September Membership Spotlight – Dominican University
Not only was Natalie Sanchez a Tyson Foods Summer Community Intern at the Erie Neighborhood House, and a 2018 Civic Newman Fellow, but she also is an intern for Civic Learning at Dominican University. We met with her last week to learn about her position and civic learning at Dominican.
As an intern in the Civic Learning Office Natalie works with students to find community organizations that fulfill their community based learning class requirements. Dominican offers students anywhere between ten to twenty five community based learning courses a semester. It is Natalie’s job to make sure students in these courses have the correct paper work, and she helps them schedule their time at community organizations.
Natalie offers an important insight, being a student in the office. She understands where students are coming from when they express stress trying to schedule time for CBL courses. She has also seen first hand all that students get out of these courses because she has taken them herself. This gives her a unique ability to address issues that students have. She also uses her role to share how important and rewarding the courses have been to her and could be to other students.
Community based learning courses vary at Dominican, but all are similar in the way that students connect what they are learning in class to the work of a community organization that they serve. Natalie, a Senior Sociology major, described a CBL course she took as Sophomore.

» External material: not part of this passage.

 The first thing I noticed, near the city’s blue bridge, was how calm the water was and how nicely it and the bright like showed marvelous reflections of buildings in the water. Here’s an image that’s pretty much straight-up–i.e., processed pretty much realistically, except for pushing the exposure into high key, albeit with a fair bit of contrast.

The focus of this course was gender and violence. Through the course she volunteered at St. Joseph Services where she tutored and helped facilitate gym and play times. Natalie said she observed many concepts that she learned in class, such as toxic masculinity, the achievement gap, and more.

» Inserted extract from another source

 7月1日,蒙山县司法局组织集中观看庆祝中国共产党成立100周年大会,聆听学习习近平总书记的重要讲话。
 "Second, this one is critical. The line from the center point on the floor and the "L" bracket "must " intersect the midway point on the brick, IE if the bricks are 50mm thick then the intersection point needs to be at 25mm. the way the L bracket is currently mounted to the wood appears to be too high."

Through these community based learning courses not only do students get a chance to learn about concepts in a hands on way, but organizations also receive smart and committed volunteers.

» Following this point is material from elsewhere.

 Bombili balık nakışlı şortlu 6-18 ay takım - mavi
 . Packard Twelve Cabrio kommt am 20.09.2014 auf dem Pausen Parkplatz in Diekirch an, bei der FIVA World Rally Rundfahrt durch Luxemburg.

In the Civic Learning office and on their web page, professors can find resources to develop community based learning courses. Professors can organize their class however fits with them and the course work. Natalie said that most CBL courses require that students finish a predetermined number of hours serving at a community organization, and at the end of the course the students either make a presentation or write an essay pertaining to the course’s subject matter and its connection to their service work or organization.
Natalie says that the Civic Learning office is looking to broaden and expand what civic learning looks like at Dominican University. In the next coming months they are excited about provided voter workshops, and voter registration tabling.
When asked how community based learning aligns with Dominican’s mission, Natalie stated this, “Dominican states in their mission that they prepare students to ‘pursue truth, to give compassionate service and to participate in the creation of a more just and humane world.’ I think Civic Learning accomplishes exactly that through our Community Based Learning courses. Students go out into the community to physically witness and experience the truth of what they learn in their class. They give compassionate service to the populations they are working with in the community organizations. They participate in the creation of a more just and humane world by working to make it better through education and experience.”